Thomas Friedman, a New York Times journalist, once talked of humiliation as the most powerful and underestimated force of modern politics. He also said how the people respond to it shows how much they are capable of being bent.
Shaming is a frighteningly powerful emotion. The British divided us, created shame and chained us through their innumerable ways of punishment and degradation. The transfer of power did little to change that. All over the world ex colonial societies are trying to remove its shackles. Shaking of shame is the most difficult of all emotions as psychologists know. It is deadly, with a lasting impact on the living. When shame has the power of public gaze, an official sanction, it can get beneath our skin to remind us how we were once powerless making us impotent once again.

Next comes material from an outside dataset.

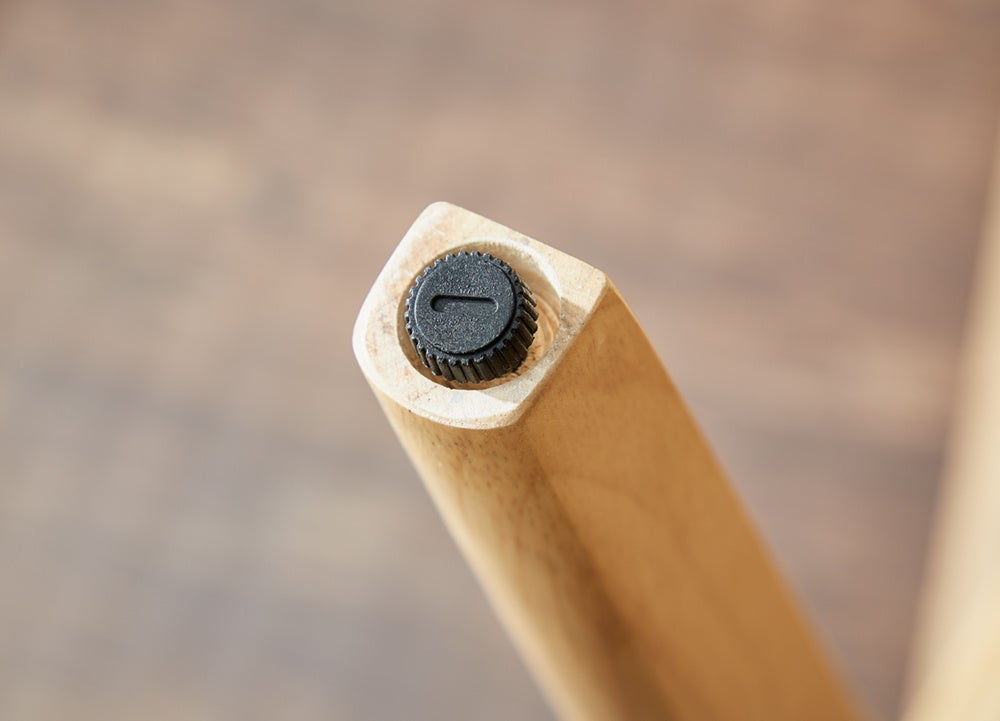 脚先にはアジャスターを付けているため、ガタつきを抑えた安定感のある使い心地を実現しています。

For Kashmiri Hindus shame perhaps is one of the most powerful feelings they had to deal with after 1990. Their exodus happened in full public gaze. It was not a private, solitary feeling that they could deal with in the privacy of their homes. The movie The Kashmir Files brings that out very poignantly and this is what makes it so difficult for the perpetrators and their supporters. It has made their ambition naked and for the world to see. So how to hide it? Shame them once again so that they are reminded of their plight and become silent.
The movie The Kashmir Files has given the Kashmiri Hindus and the larger community a civility, a respect and a dignity that they lacked since their exodus. What kind of a man or political leadership would think of mocking practices that enhance it? A history of reading of theory of humiliation in the past would make it very clear.

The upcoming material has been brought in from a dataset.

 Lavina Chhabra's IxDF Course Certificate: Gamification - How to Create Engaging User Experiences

Michael Foucault talked of shaming and humiliation as the primary tools employed by the State as an attempt to use surveillance of the social body that seems to spin out of control. That is what the movie The Kashmir Files has done with an entire generation. That may be why ‘human dignity’ in present day India, both in political and psychological terms, is becoming a deeply emotionally invested issue and will become more so in the coming decades as a society comes to terms with the ways it has been silenced with shame and humiliation.
The present remarks by the Chief Minister in the State Assembly seems to go in the opposite direction where shaming and humiliation would try to rule us again. If not questioned, it may lead us again to a state where decency, dignity and honour will have no place once again.

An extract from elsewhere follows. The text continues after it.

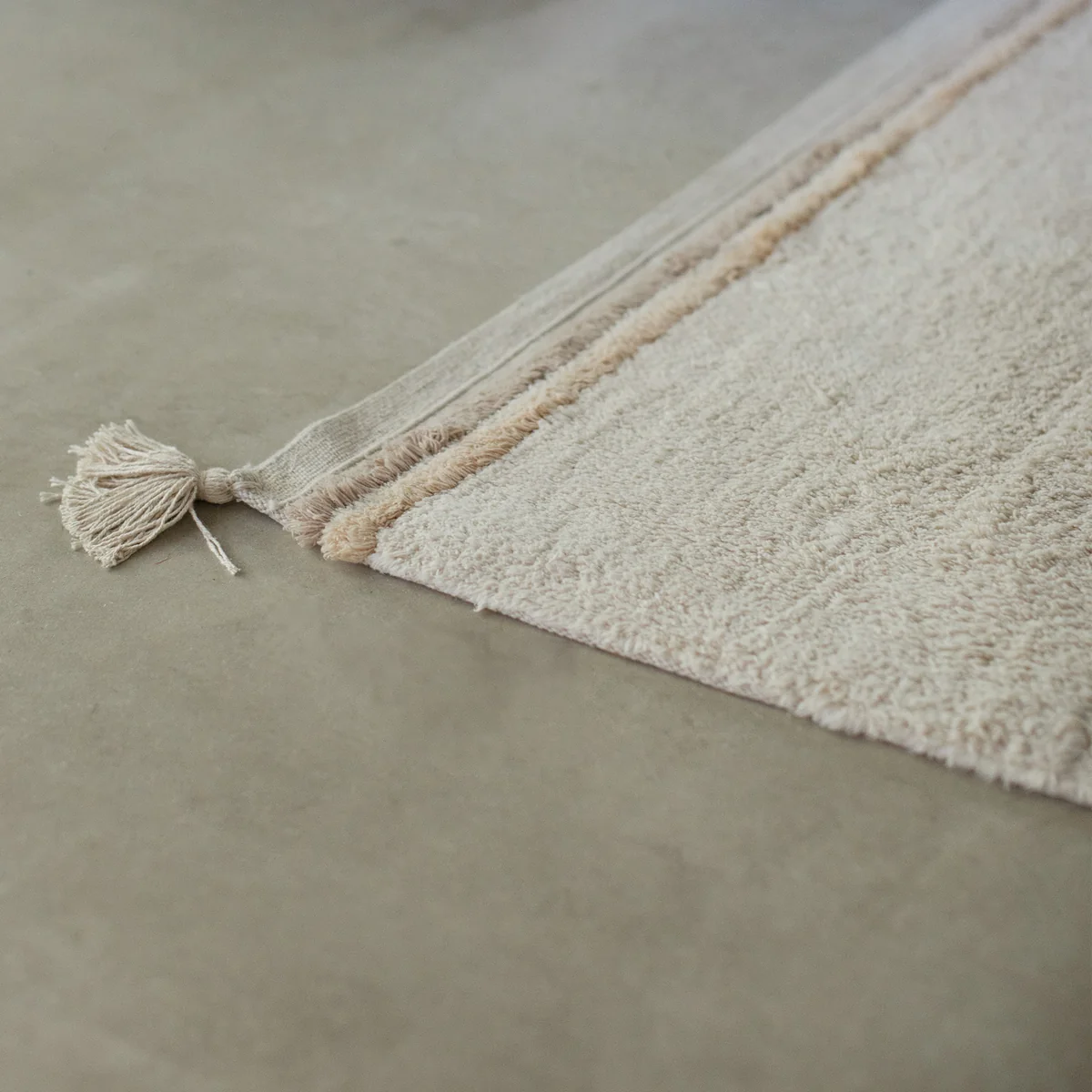 Le tapis Bloom Natural tapis de la maison Lorena Canals séduit par son toucher extrêmement moelleux et son aspect noble. Le tapis à glands de style bohème est fabriqué à partir d'une base RugCycled®. Bloom Natural offre une merveilleuse touche de neutralité sans être envahissante.
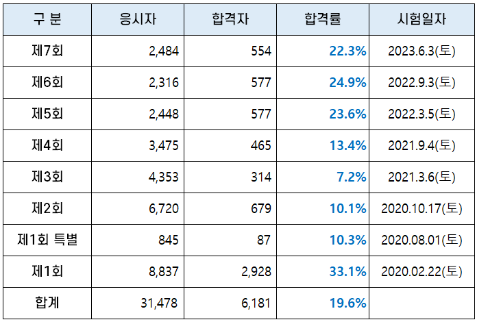 | 제7회 | 2,484 | 554 | 22.3% | 2023.6.3(토) |

Public shaming and humiliation are never used over trivial matters. There is always a far larger picture at stake, the violation of a norm that is important for a larger collective, in this case the perpetrators who would not like any movie, literature closely relating to The Kashmir Files. Mocking those who try it attempts to exclude and remove them symbolically from the larger society, a position that the perpetrator and his supporters want to hold themselves.
Shaming and stigmatizing humiliation is always planned, coordinated and executed in an organized manner. They are neither spur of the moment nor contingent upon individual situation. They follow well thought out scripts and a ritualized structure. Often repeated with a precision, in public spaces, they are easily recognizable. They have an aim of not only creating confusion, violence and mayhem, but also stabilize the existing power structure that seems to be threatened. This has to do by showing the powerlessness of the other. The politics of humiliation is an intentional strategy that is unleashed to retrieve this balance.
The most basic condition in any rule of law country is to hold human dignity and worth of the person as the highest inviolable right and make it the duty of the State to respect and protect it. It is time that we in India look towards enacting a law that condemns and forbids mocking of its own people.